Quite surprising it’s so low really when you consider all the Gmail, AdWords, Analytics, iGoogle and Google+ accounts.
I think I stumbled upon a better method – although just as questionably ethical.
If you have adsense on your page, it uses your Google cookie to serve you custom ads. You should only have that google cookie if you’re logged in.
So couldn’t you just look at the server variable HTTP_COOKIE to see what the browser is passing. It should be pretty obvious what you’re looking for in that string. Should work for identifying logged in users and possibly even organic search no?
Great test and glad someone performed it and show their data versus trying this on every site. I was a little concern over their comments that this loss in data would only affect a single digit percentage, but seeing your results makes me a little more confident in that assessment. I was thinking it would be closer to 25% of the traffic, but surely not below 20% so seeing that your actually reporting that the logged in users are closer to the single digit area means that Google was safe to say that the loss would only occur at that level. I’m still not happy about losing 10% of the data, but I guess it could be worse. However, I’m wondering how much will be lost in the future as Google pushes G+ more and people are getting used to being signed in while surfing on Google.

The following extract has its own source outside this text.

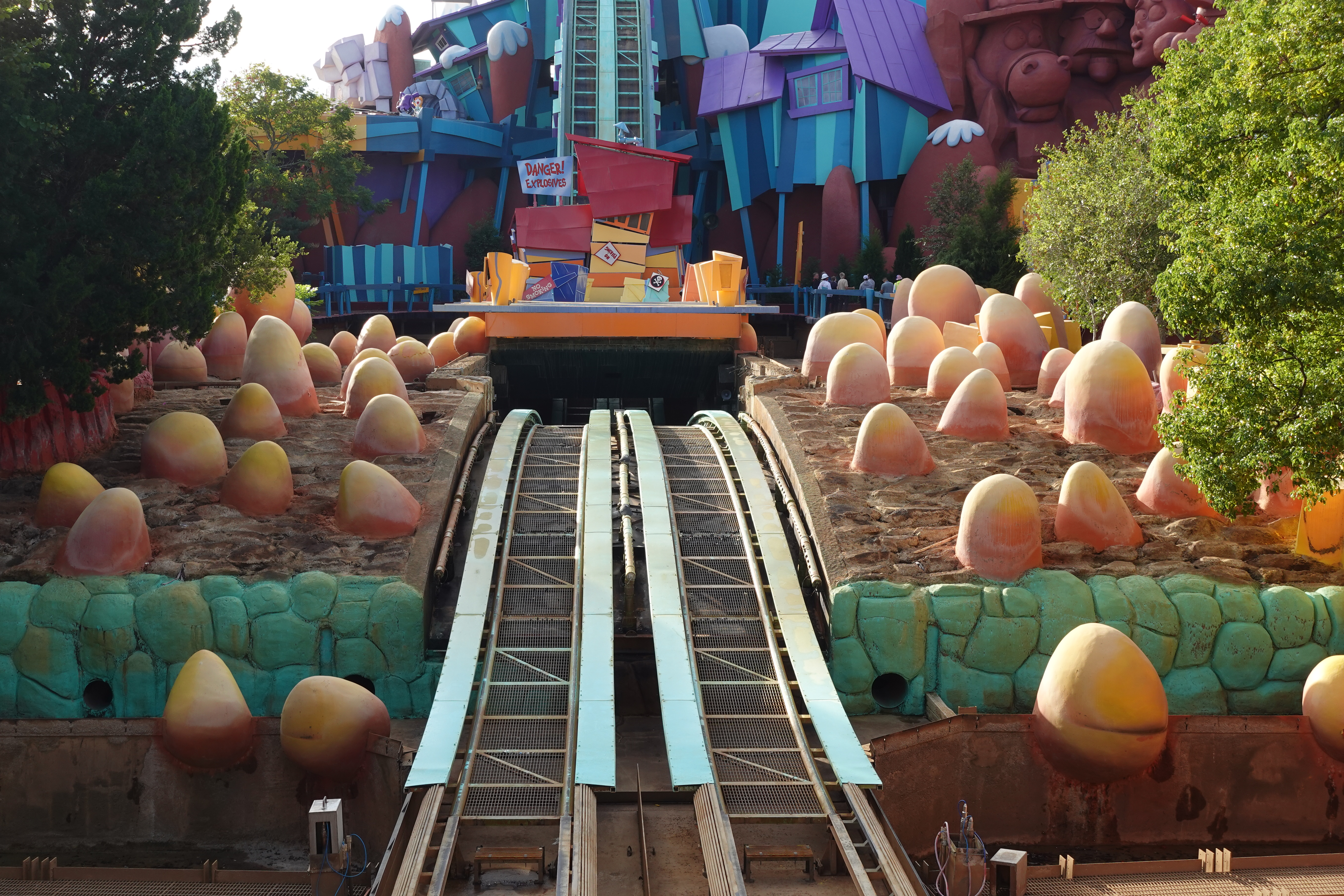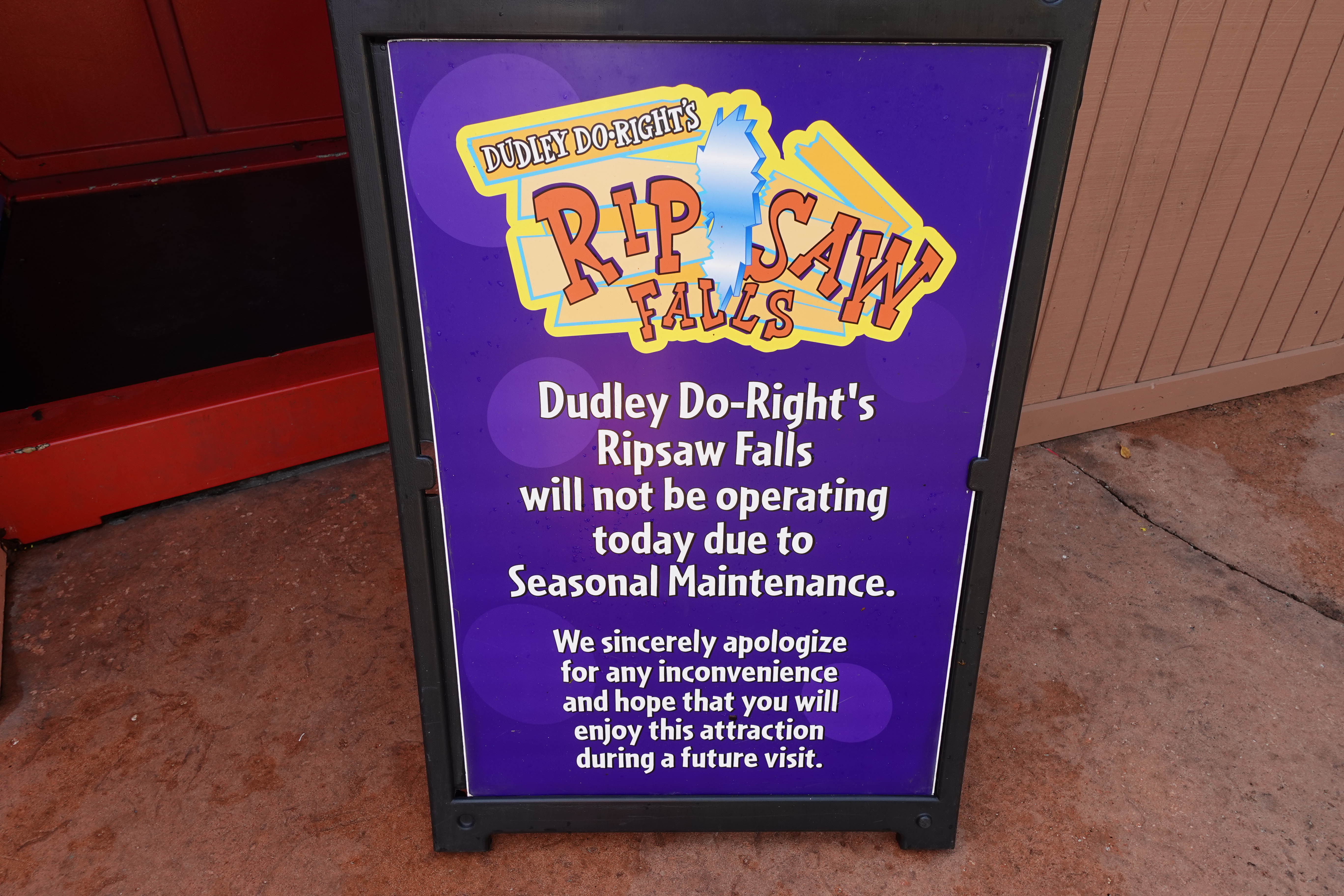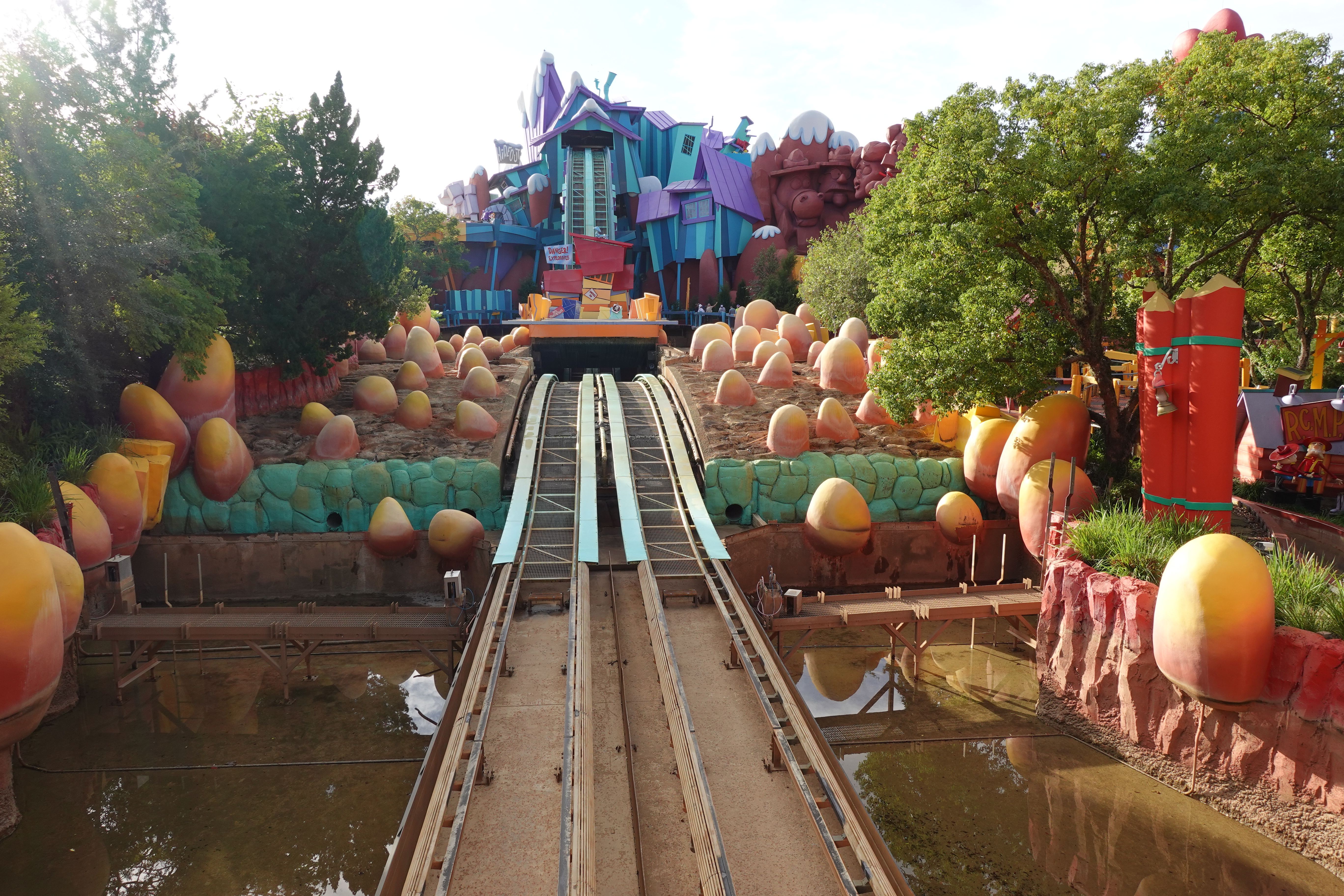 Dudley Do-Right’s Ripsaw Falls in Toon Lagoon at Islands of Adventure is currently closed for maintenance. The fan-favourite attraction has been completely drained of water.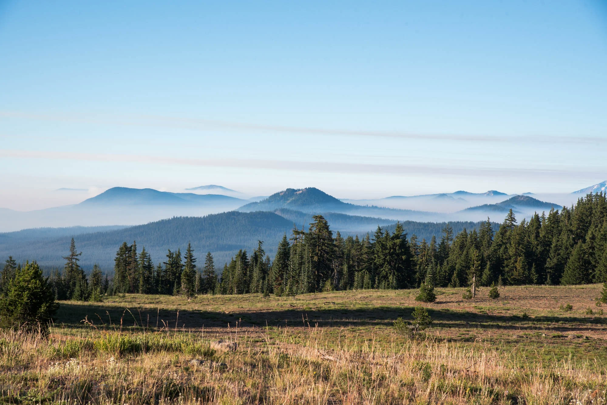 This hike is 3.3 miles round trip, with an elevation gain of a little over 1,000 feet. The majority of the hike up is in the shade and winds around the rim with a lot of views of the lake. From the other side of the trail you see some epic views as well - the sweeping Southern Cascades and Klamath Basin.

I bet the number has porbably doubled since the launch of Google plus,I run three of four Google accounts on different browsers and im logged in 99% of the time, so in my eyes your figures are a little low.
SeatGeek’s non-paid google traffic appears to have only 2% of users logged-in. That seems low, but it’s what I am seeing in Google analytics for not provided visits / total google organic visits.
Google plus is not a problem. Gmail – how many of us use gmail and are logged in all the time? This is bad. But fortunately we have other ways.
We have been watching this statistic for 20 local sites in Denver. Our results show it closer to 35%, starting January 1, 2012. Could be the audience.
We are spending a lot more time with the content reports, as that’s the big clue on keywords that are not available.